3. Connessa alla dimensione poc’anzi esplicitata è la terza direzione: la lievità, termine ripreso esplicitamente dall’impianto teorico di Giovanni Maria Bertin, intendendo un carattere esistenziale in grado di far riscoprire il contatto con la propria interiorità, con la propria verità di dono (conversione, già in Nietzsche, della volontà di potenza in senso anti-individualista), liberando le più proprie ragioni creative e la più profonda speranza.[7]

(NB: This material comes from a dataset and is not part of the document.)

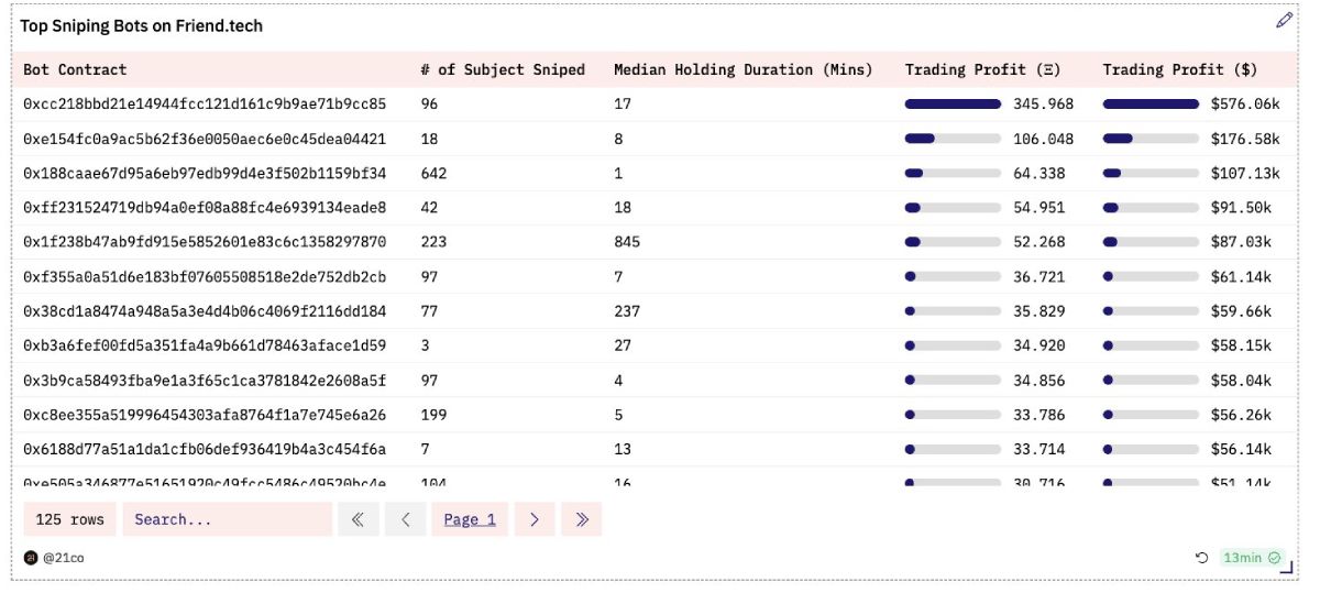 Результаты работы лучших ботов в соцсети Friend.tech

L’opposizione al principio di pesantezza, che limita se non annulla la fiducia nel futuro nonché il ruolo della progettualità esistenziale come apertura di possibilità per il soggetto e per la società, si costituisce di ciò che in educazione è condensato nel termine creatività, sia nella direzione della valorizzazione di tramiti di incontro con il desiderio (l’arte nella sue molteplici declinazioni è certamente una pratica ampiamente sottodimensionata), ma anche come una specifica competenza di chi educa; ha scritto a questo proposito Riccardo Massa: “Esiste una specifica attitudine alla creatività pedagogica, quella intesa come la capacità di progettare non tanto e non solo delle sequenze di contenuti o di attività determinate, ma l’insieme delle condizioni che consentono di padroneggiare un dispositivo strategico complesso, volto a istituire il campo dell’esperienza educativa.”[8] Un’abilità e uno stile quindi non solo inerenti l’esperienza educativa, ma anche necessari ad istituire l’esperienza stessa; richiamo ad un elemento tanto implicito quanto necessario: la revisione del proprio essere costruttori di esperienze educative capaci di farsi tramiti di generatività.

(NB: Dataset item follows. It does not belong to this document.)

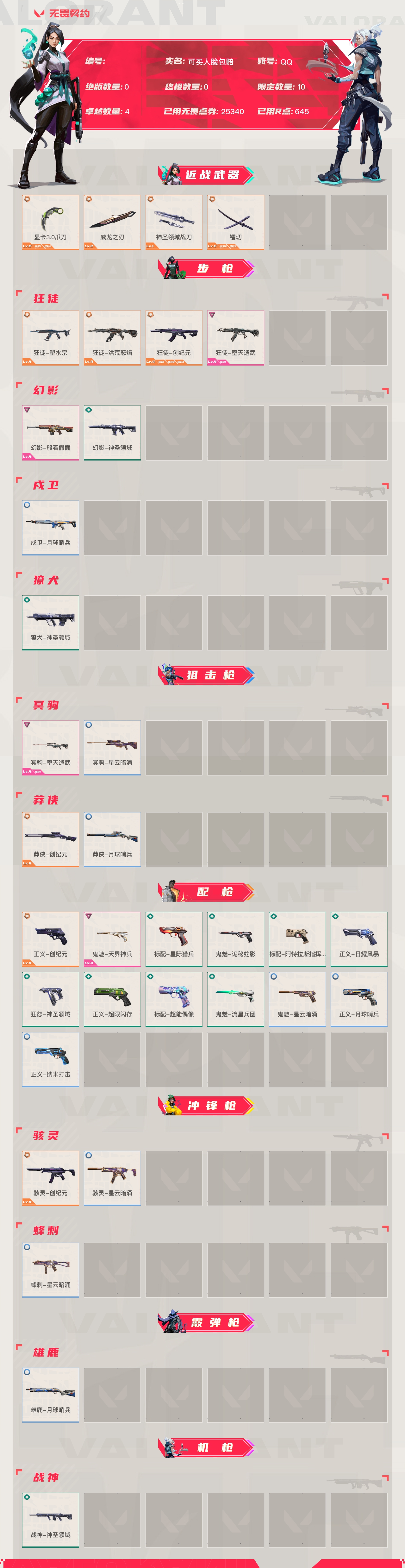 【账号佳】【无畏契约】【编号:39755】【6tnj3afah】lv231|钻石i, 刀皮数量4,呛皮数量30(绝版0限定10终极0卓越4);皮肤资产价值25340,已用r点645;【刀皮】:近战武器-显卡3.0爪刀,近战武器-威龙之刃,近战武器-神圣领域战刀,近战武器-镭切; 【呛皮】:正义-创纪元,骇灵-创纪元,狂徒-塑水宗,狂徒-洪荒怒焰,狂徒-创纪元,莽侠-创纪元,鬼魅-天界神兵,狂徒-堕天遗武,幻影-般若假面,冥驹-堕天遗武,标配-星际猎兵,鬼魅-诡秘蛇影,幻影-神圣领域,獠犬-神圣领域,正义-日耀风暴,正义-超限闪存,鬼魅-流星兵团,标配-阿特拉斯指挥部,标配-超能偶像,狂怒-神圣领域,战神-神圣领域,戍卫-月球哨兵,冥驹-星云暗涌,莽侠-月球哨兵,正义-月球哨兵,正义-纳米打击,鬼魅-星云暗涌,骇灵-星云暗涌,蜂刺-星云暗涌,雄鹿-月球哨兵;【热门卡面】:势不可挡星礈卡面,势不可挡零卡面,势不可挡盖可卡面,情人节捷风卡面,双城之战拥抱卡面;【热门挂饰】:神中神挂饰,创纪元挂饰,金属蝶翼挂饰,永生玫瑰挂饰,永结同心挂饰,双城之战小蛋糕挂饰,终章ko小金人挂饰,袖珍捷风挂饰,糖葫芦挂饰,双城之战魄罗挂饰;【热门喷漆】:来点朋克喷漆,真烦人喷漆,小丑猫喷漆,买装还是存钱喷漆,双击点赞喷漆;详情看图【皮肤可能含有某些特权皮肤,具体以游戏内实际拥有为准】【qq】【可买人脸包赔】【官方截图】

Non sfugge come queste tre direzioni di senso, tratteggiando i caratteri di un’esperienza dove il legame con l’altro ritrovi la sua costituzionalità, richiedano, pedagogicamente, un’acquisizione di concretezza e materialità; ma è proprio nello sforzo di concretizzazione che ogni educatore, insegnante, genitore e formatore, gioca il suo ruolo educativo: prendersi la responsabilità del mondo perché sia possibile la generatività del nuovo venuto.


[1] M. Benasayag, Il cervello aumentato, l’uomo diminuito, Erikson, 2016.

[2]I miei studenti migliori erano spesso cattolici o marxisti, perché tanto gli uni quanto gli altri imparano una cosa che oggi ai bambini non viene più insegnata: l’importanza della coerenza. Tra l’altro gli farebbe un gran bene venire a contatto con qualche sistema di credenze religiose, con qualche complesso intreccio di logica e poesia, perché imparerebbero qualcosa sulla metafora.” Gregory Bateson, Dove gli angeli esitano, Adelphi, 1989, p.223.

[3] Ci si riferisce particolarmente all’opera di H. Arendt e nello specifico Vita activa, Bompiani, 1988; e Che cos’è la politica?, Einaudi, 2006.

[4] Alex Langer, Il viaggiatore leggero. Scritti 1961-1995, Sellerio, Palermo 2011.

[5] E. Morin, Insegnare a vivere, Raffaello Cortina Editore, 2015, p.56.

[6] Libro dei Re, capitolo 19, La Bibbia di Gerusalemme, Edizione CEI, 2008.

[7] Riferimento G.M. Bertin, Nietzsche. L’inattuale, idea pedagogica, La nuova Italia, 1977 – G.M Bertin, Ragione proteiforme e demonismo educativo, La Nuova Italia, 1987 – G.M. Bertin e M.G. Contini, Costruire l’esistenza. Il riscatto della ragione educativa, Armando Editore, 1986.

[8] R. Massa in F.Cappa, Una nuova creatività pedagogica. Intervista a Riccardo Massa, Pedagogika n.12 dicembre 1999 p.15.